İşgücü anlaşmasının 60. yıl dönümünde, Türkiye kökenliler Almanya’daki en büyük göçmen topluluk olma hüviyetini sürdürmektedir. Başlarda ülkedeki işgücü ihtiyacını gidermek üzere misafir işçi olarak Almanya’ya giden vatandaşlarımız, bugün beşinci nesle ulaşan varlıkları ile Almanya’nın asli unsurlarından biridir. Son olarak geride bıraktığımız zorlu pandemi şartlarını aşmak için gerekli olan aşı çalışmalarına öncülük ederek tüm dünyanın takdirini kazanan iki önemli bilim insanı Prof. Dr. Uğur Şahin ve Prof. Dr. Özlem Türeci bu duruma birer örnek olmuşlardır.
‘Kurumsal ırkçılık ve İslam düşmanlığı ile mücadele edilmelidir’
Göçmenlikten kalıcılığa çoktan geçiş yapmış Türk ve Müslüman nüfusa yönelik göçmen karşıtı tutumlar, gerçekleştirilen ırkçı saldırılar ve İslam düşmanlığı maalesef varlığını sürdürmektedir. Almanya’da 2021 yılının ilk on ayında, camilere yönelik 34 saldırı kayıt altına alınmıştır. Ayrıca Almanya İçişleri Bakanlığı ve Federal Kriminal Dairesi (BKA) tarafından hazırlanan son siyasi suçlar raporuna göre, ülkede aşırı sağcıların şiddet eylemlerinin bir önceki yıla oranla yüzde 10 arttığı görülmektedir. Aynı rapora göre, ülkede işlenen İslam düşmanı suçlar, bir yıl öncesine göre yüzde 8 artmıştır. Giderek artan bu suçların ve kurumsal ırkçılığın önlenmesi için daha etkili bir mücadele elzemdir.

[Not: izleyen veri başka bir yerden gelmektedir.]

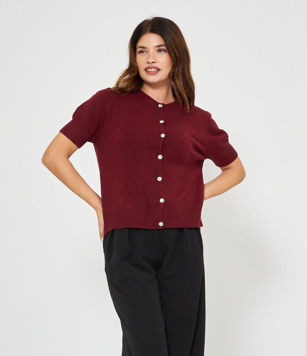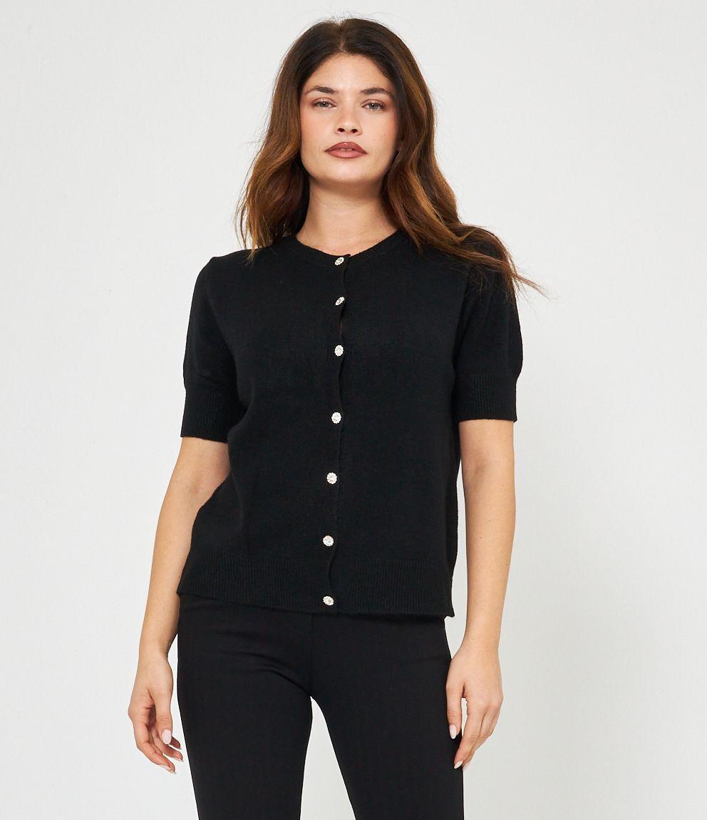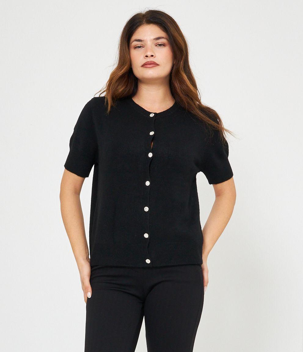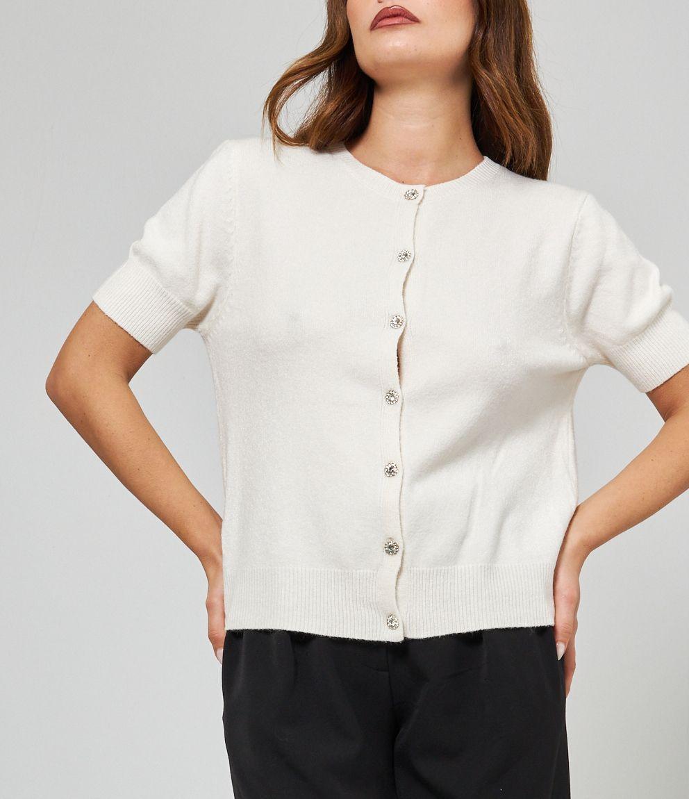 Cardigan in viscosa modello comfy con bottoni gioiello a girocollo.

‘Türkiye kökenlilerin siyasete aktif katılımı sağlanmalıdır’
Almanya’da gerçekleşen son federal seçimler hem Türkiye-Almanya ilişkileri açısından hem de Almanya’da yaşayan Türk diasporası açısından büyük önem arz etmektedir. Seçimler neticesinde Almanya Federal Meclisi’nde Türkiye kökenli milletvekili sayısı 18 ile sınırlı kalmıştır. Ülkede yaşayan 3,5 milyona yakın Türkiye kökenli nüfus göz önüne alındığında, bu sayının daha yüksek olabileceği ve Türkiye kökenlilerin meselelerinin siyasette daha etkili temsil edilebileceği ortadadır. Diğer tarafta Hamburg bölgesinden milletvekili seçilen Aydan Özoğuz’un Federal Meclis Başkanvekilliğine seçilmesi değerli bir adımdır. Bu gibi adımlar Almanya’nın çoğulcu toplum iddiasını daha fazla güçlendirecektir.
‘Sorunların çözümü için rasyonel adımlar atılmalıdır’
Bugün gelinen noktada, Almanya’daki Türk diasporası için ırkçılık ve İslam düşmanlığı ile mücadele, siyasal ve toplumsal katılım, ana dil eğitimi ve İslam din dersi gibi hususlar önem arz etmektedir. Ayrıca Almanya’daki Türk sivil toplum kuruluşlarının Türk diasporasını ilgilendiren konularda daha aktif katılımla çalışması ve karar alma süreçlerine dahil olması gerekmektedir. Aynı şekilde Türkiye’deki siyasi iktidarın da Almanya’da yaşayan vatandaşlarımızın bilinen sorunlarının çözümüne yönelik rasyonel adımlar atması gerekmektedir. Ayrıca Türkiye’deki temel toplumsal sorunların demokratik bilinçle çözülmesi, diasporayı da rahatlatacaktır.
Bu düşüncelerle, Türkiye-Almanya İşgücü Anlaşması neticesinde başlayan göç süreci boyunca başta ırkçı saldırılarda hayatını kaybeden yurttaşlarımıza Allah’tan rahmet diliyor, alın terleriyle Almanya’daki Türk toplumunun temellerini atan birinci kuşağın kıymetli büyüklerini saygıyla anıyorum.